One fellow was held upside down above the harbour waters and interrogated about the chances of catching a sailing boat that had been at sea since daybreak. Despite being ducked and near drowned half a dozen times he still insisted that the chances of finding a boat at sea were close to impossible. He survived, wet but breathing, too stupid to know that another answer might have saved him his ordeal, without knowing how lucky he was.
It was the way his men looked at him that really troubled Osmond. Normally respectful, they were now giving him the glances a fellow throws to a dead man. He would have to go north himself and tell Pandulf what had happened. Could he stop at Aversa and plead with his old leader to intercede, and if he did what could Rainulf say to the Wolf to assuage his wrath? The Normans were careful never to sacrifice each other, but was this an error too great to forgive? And there had been bad blood in Aversa at Osmond’s desertion; would Rainulf Drengot, even if he begged on his knees, just throw him to the Wolf, for Pandulf to do with what he liked?
CHAPTER SEVEN
The plain stretched as far as the eye could see, flat and fertile, dotted with small windmills, the strips of cultivation full of people working to plant their spring crops. The two riders on the road between the River Volturno and Naples attracted attention, but what looks did come their way were far from friendly; to the people toiling in fields they were clearly not of their kind and the differences extended beyond mere occupation. They were tall, blue-eyed and fair in a world where the people were generally dark, small and swarthy. That height difference was more obvious when they dismounted to walk their horses and they towered, one of them excessively so, over those with whom their animals shared a trough.
Any greetings offered were ignored and not just because they were in barely comprehensible Latin. Habit made the peasants of Campania cautious, and these giants were armed with big swords and sharp knives; if the locals carried anything they were farming tools. Close to, it could be seen that the faces of these strangers did not take well to the climate, and in places the reddened skin had peeled. Both kept a leaf in their mouth to protect them from a burning overhead sun that would blister an exposed lower lip.
To look at the horses was to know these men. Those on which they rode had the height and fine lines of an animal bred for swift movement. The first-led horses were sleek and well cared for, those behind a last pair of pack animals. As well as the slung pouches containing the riders’ possessions, there were lances, helmets and shields strapped to the animals’ sides, the whole assembly identifying them as men whose trade was oppression. The one word spat out was never said in their hearing, only when they had passed by: Normans.
Their destination was a square tower of white stone rising out of the waves of heat that made the ground ripple. Soon strips of farmland gave way to green pasture, and endless paddocks full of horses, which were the subject of close scrutiny, for the de Hauteville brothers had grown up surrounded by equines in all their forms.
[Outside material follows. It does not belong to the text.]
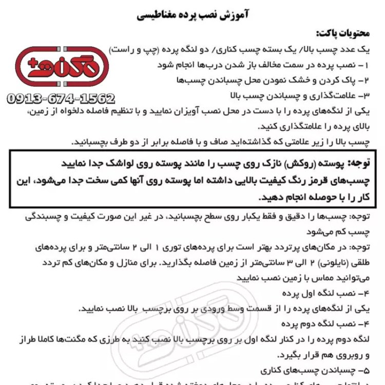 ✖لطفا قبل از سفارش محصول، توضیحات را به دقت مطالعه نمایید✖ ✅قبل از ثبت سفارش حتما در قسمت گفتگو ابعاد درخواستی را ارسال نمایید تا قیمت دقیق محصول اعلام شود ✅زمان آمادهسازی ابعاد سفارشی بر حسب حجم سفارشات ۳ الی ۷ روز کاری زمان میبرد ✔پرده توری مغناطیسی تهیه شده از تور فایبرگلاس نسوز 120 گرمی درجه 1 ✔مقاوم در برابر تابش آفتاب و پوسیدگی ✔رنگ خود تور نوک مدادی بوده و نوار دور تور مشکی رنگ ✔استفاده از چسبهای دوطرفه درجه 1 ✔نصب بدون نیاز به ابزار جانبی ✔قابل نصب روی درب تراس منازل، درب سکوریت فروشگاهها و ... ✔چسبهای دوطرفه همراه محصول میباشد و نیاز به هیچ ابزار جانبی نمیباشد ✔در صورت نیاز به آموزش برای اندازهگیری در قسمت گفتگو پیام دهید
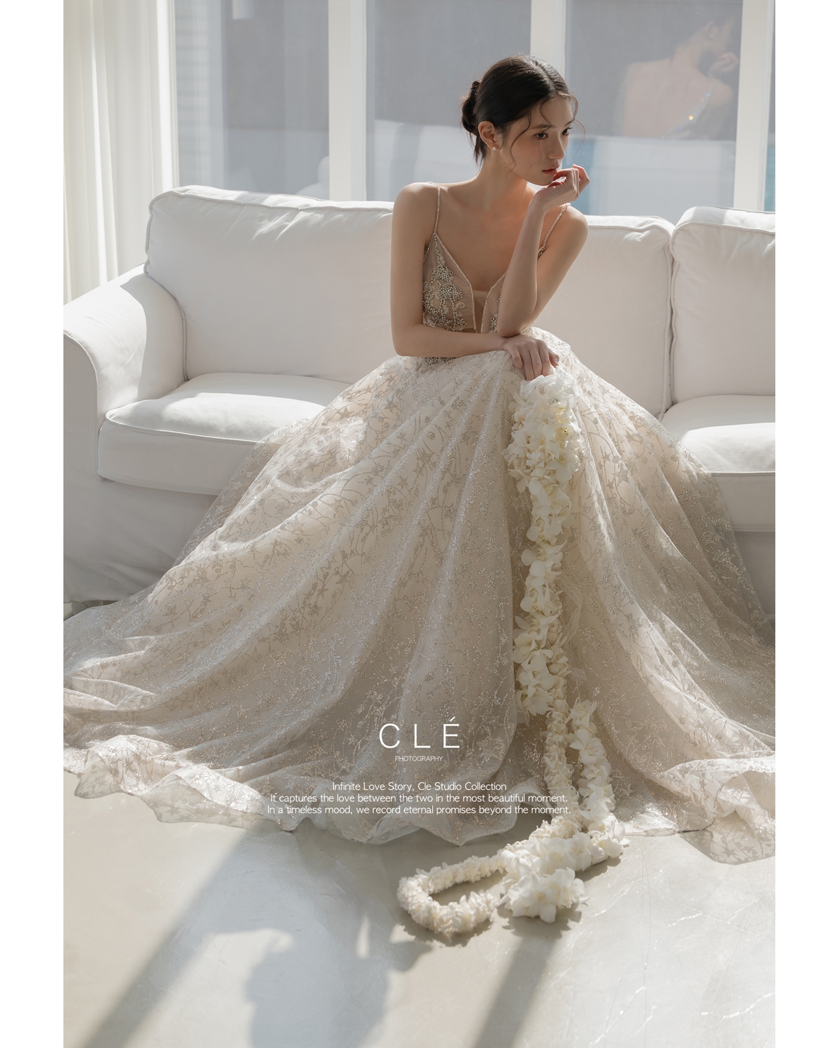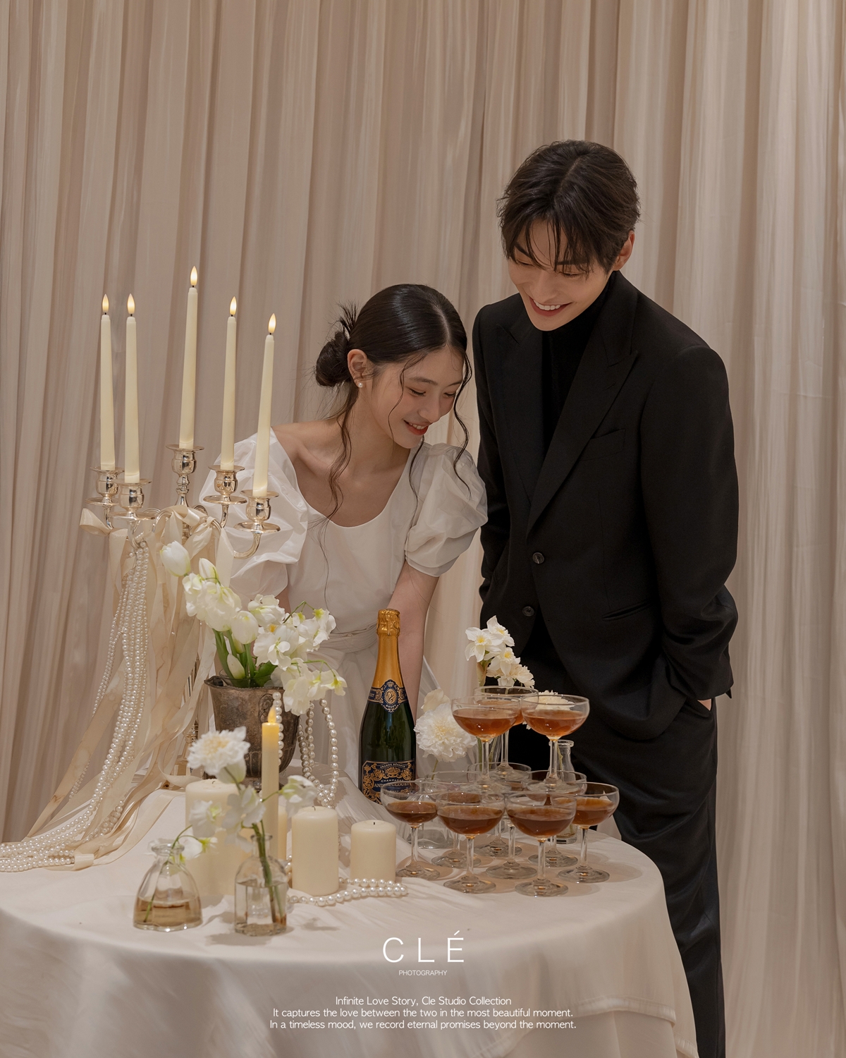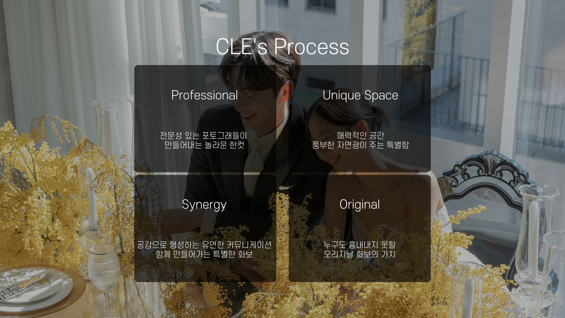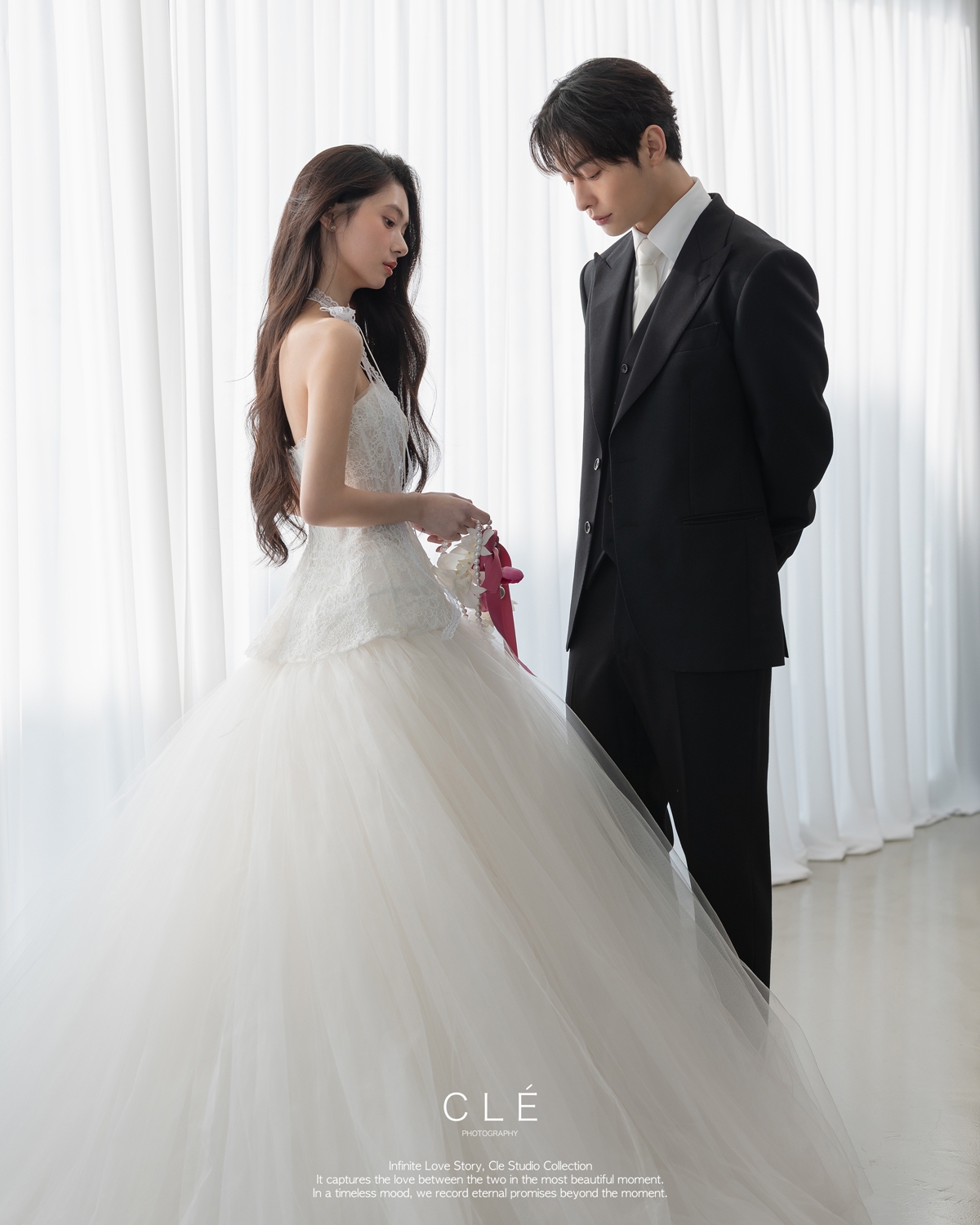 - 정형화된 웨딩사진을 넘어 신랑 신부의 본질적인 아름다움이 빛날 수 있도록 섬세하고 세련된 디렉팅을 제공합니다.

The railed fields each had a thatched byre into which the animals could retire from rain or, as they had now, the mid-morning sun. Haystacks were liberally dotted between these paddocks and the air was full of that sweet smell of piss and dung, which was ever present where horses were kept in numbers.
Past the paddocks, running towards the tower, there were lines of round huts with pointed thatched roofs set around a huge barn; the inhabitants, if there were any, inside in the shade, that is, with the exception of the tribe of near-naked children who stopped playing to look up at these passing strangers. The cries they emitted brought to the door of one hut a short, round, black-haired woman.
‘We seek a knight by the name of Rainulf Drengot,’ said William, in Latin.